(Provided data):
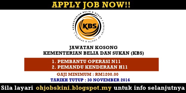 Jawatan kosong kementerian belia dan sukan. Jawatan kosong kementerian belia dan sukan kbs by. Maklumat kekosongan ini adalah seperti yang diiklankan. 3 permohonan adalah diterhadkan untuk seorang pemohon sahaja. Untuk memohon sila ikut langkah seperti di bawah.
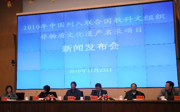 11月23日,文化部在京舉辦新聞發(fā)布會,通報2010年中國列入聯(lián)合國教科文組織非物質(zhì)文化遺產(chǎn)相關(guān)名錄項目情況。
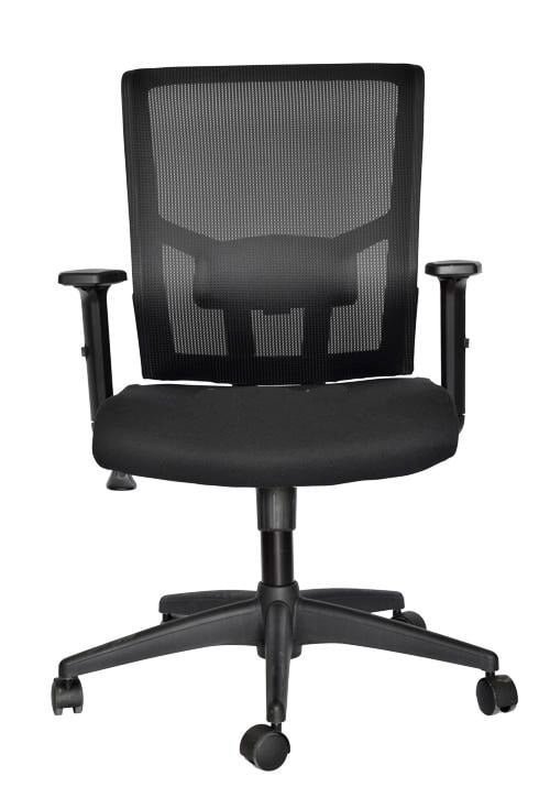 Silla gerencial ergonómica, cómoda, ideal para largas jornadas laborales, espaldar en malla negra traslucida de alta resistencia, apoyo lumbar graduable en profundidad, brazos graduables en altura, asiento en espuma de alta densidad, tapizado en tela micro suave, base nylon de alto impacto, rodachinas de suave rodamiento y rápido cambio de dirección.
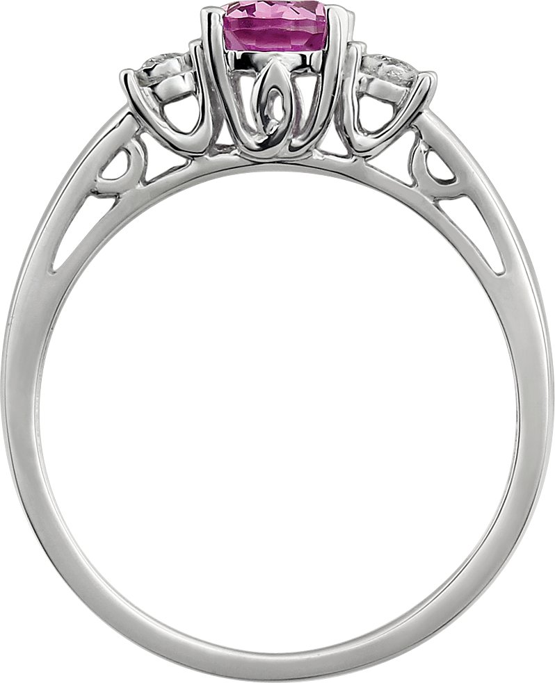14K White Created Pink Sapphire & .04 CTW Diamond Ring
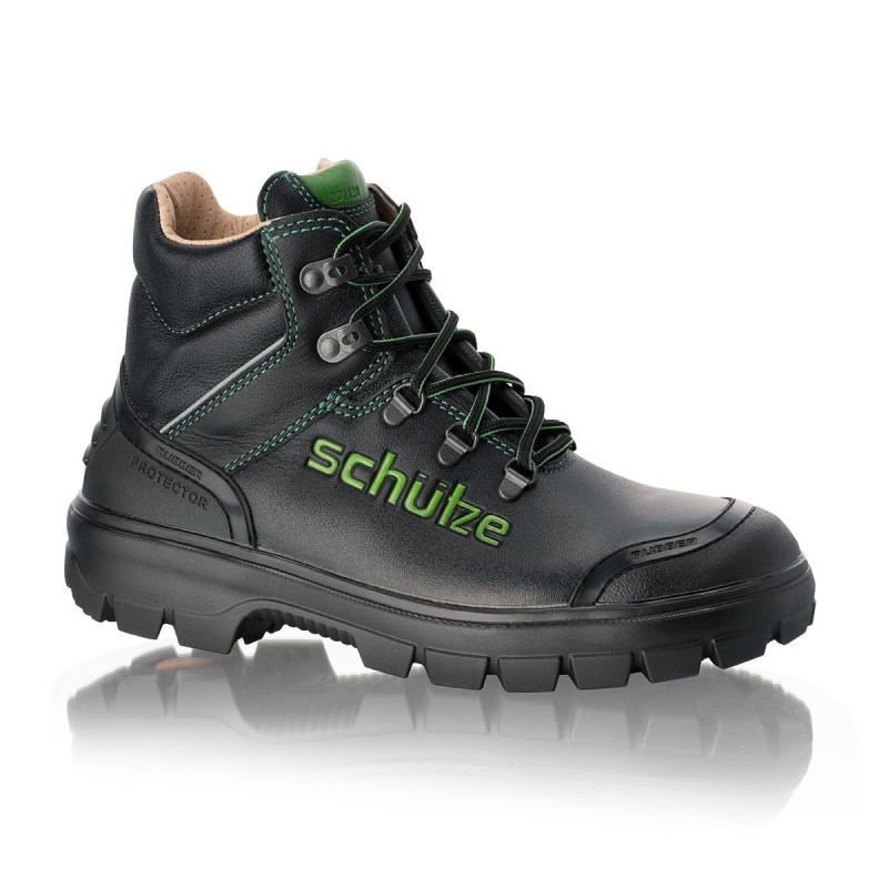 The SCHÜTZE BAUPROFI is built for demanding construction work, combining waterproof leather (up to 4 hours), a robust build, and high durability. Its DUO-SOFT-AKTIV sole offers SRC slip resistance, heat and cold insulation, and contact heat resistance up to 300 °C. A steel toe cap and stainless steel midsole provide reliable protection. Inside, a breathable orthopaedic leather lining and moisture-regulating, replaceable insole ensure all-day comfort. Reinforced toe and heel protect against abrasion—making it a top choice for construction professionals. Full natural leather, inside and out.

(Assignment):
Excerpt from the records above: set down only the lines from the one that contains "11月23日,文化部在京舉辦" through the one that contains "14K White Created", inclusive, word for word. Pictures stay out.

(The answer):
 11月23日,文化部在京舉辦新聞發(fā)布會,通報2010年中國列入聯(lián)合國教科文組織非物質(zhì)文化遺產(chǎn)相關(guān)名錄項目情況。
 Silla gerencial ergonómica, cómoda, ideal para largas jornadas laborales, espaldar en malla negra traslucida de alta resistencia, apoyo lumbar graduable en profundidad, brazos graduables en altura, asiento en espuma de alta densidad, tapizado en tela micro suave, base nylon de alto impacto, rodachinas de suave rodamiento y rápido cambio de dirección.
14K White Created Pink Sapphire & .04 CTW Diamond Ring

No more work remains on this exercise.